How Obamacare is taking a bite out of CEO pay

Obamacare is known for overhauling how millions of how Americans buy health insurance, but it is also quietly having an effect on another key aspect of health care costs: executive pay.

That's because the law includes a little-known rule that puts a $500,000 cap on how much health insurers can deduct from their taxes for top executives' compensation. The outcome?
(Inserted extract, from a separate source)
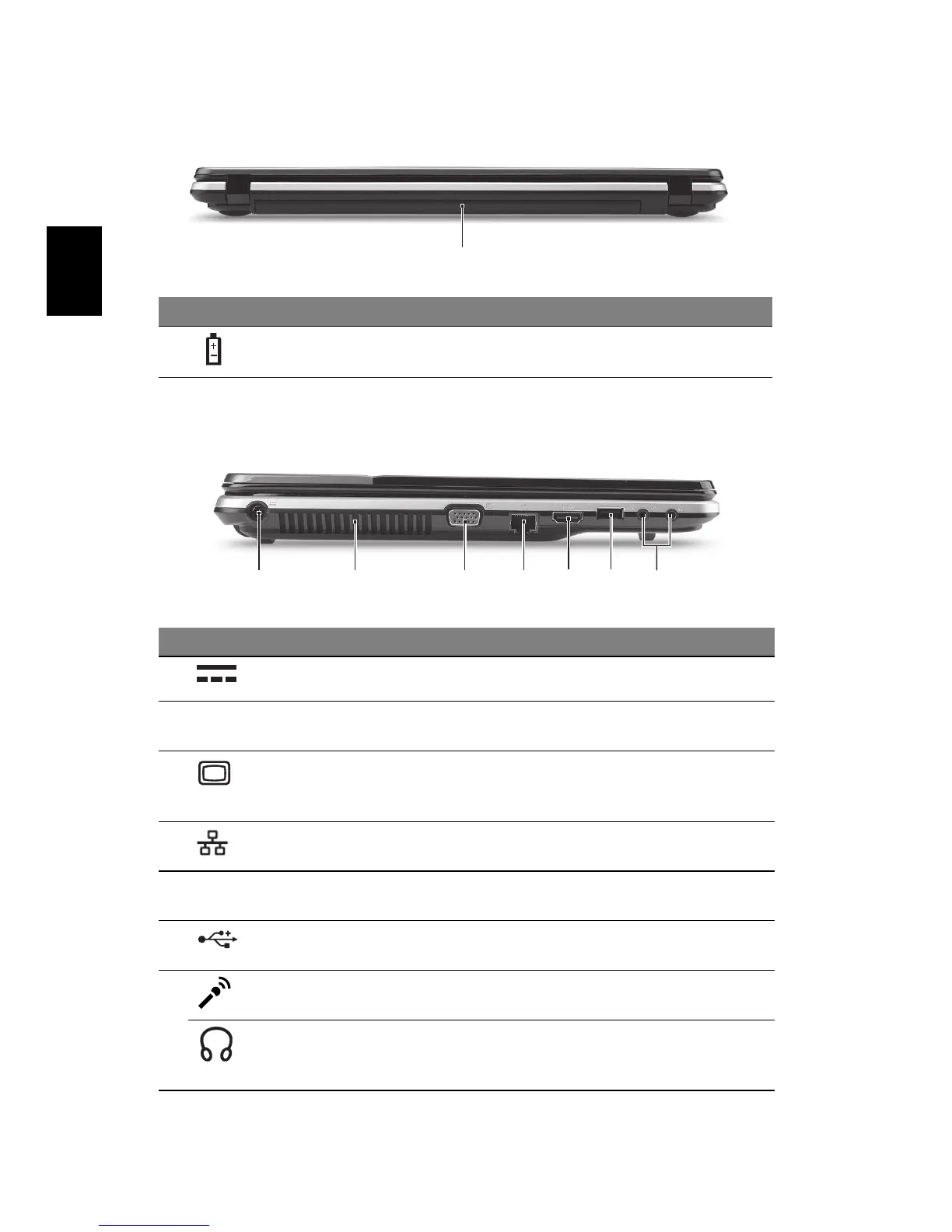 1 Akkufach Enthält den Akku des Computers.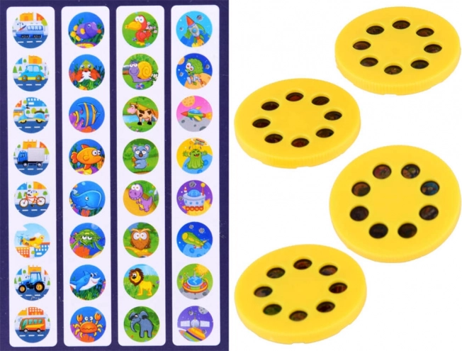 Include 8 pennarelli colorati, 4 dischi con motivi (spazio, animaletti, veicoli, mondo sottomarino), una scorta di fogli e una stabile tavoletta da disegno – non serve nient'altro.

At least $72 million was returned to taxpayers last year, based on the pay of top executives at America's top 10 largest publicly traded health insurance companies, according to a report from the left-leaning Institute for Policy Studies (IPS).

The $500,000 deduction limit was sparked by concern that health insurers, which were expected to be flooded with new customers under Obamacare, would lavish their CEOs with higher pay, notes Sarah Anderson, Global Economy Project director at IPS. The cap was meant to deter such corporations essentially profiteering from Obamacare, she notes.

"It's a common sense thing to do," Anderson said. "They can still pay them as much as they like, but they can't deduct it."

So far, there's little evidence that limiting the loophole has tamped down health insurance executives' pay, given that compensation levels didn't decline last year, the report found. On the other hand, the share of executive pay that health insurers could claim as tax-deductible shrank from 27 percent from 96 percent in 2012, the report found.

The performance-pay loophole has been cited by some critics as one reason for bloated CEO compensation. Back in 1983, the average CEO made 46 times the average worker; by 2013, that ratio had swelled to 331-to-one.

The loophole stems back to 1993, when a tweak to the U.S. tax code aimed to reform executive pay by capping corporate tax deductions for executive pay for $1 million. At the same time, it allowed tax deductions for "performance-based pay." Since CEO pay has surged since then, it seems that the incentive to dampen excessive pay didn't work as planned.

Not only health insurers benefit from tax payer subsidies, of course. Low-wage employees at Walmart (WMT) have been estimated to take $6.2 billion in public assistance, such as food stamps and Medicaid.

"It would be hard to find a major company that isn't benefiting in some way from public largesse," Anderson said. "It's outrageous that executives are making these incredible amounts of money and it's subsidized by taxpayers."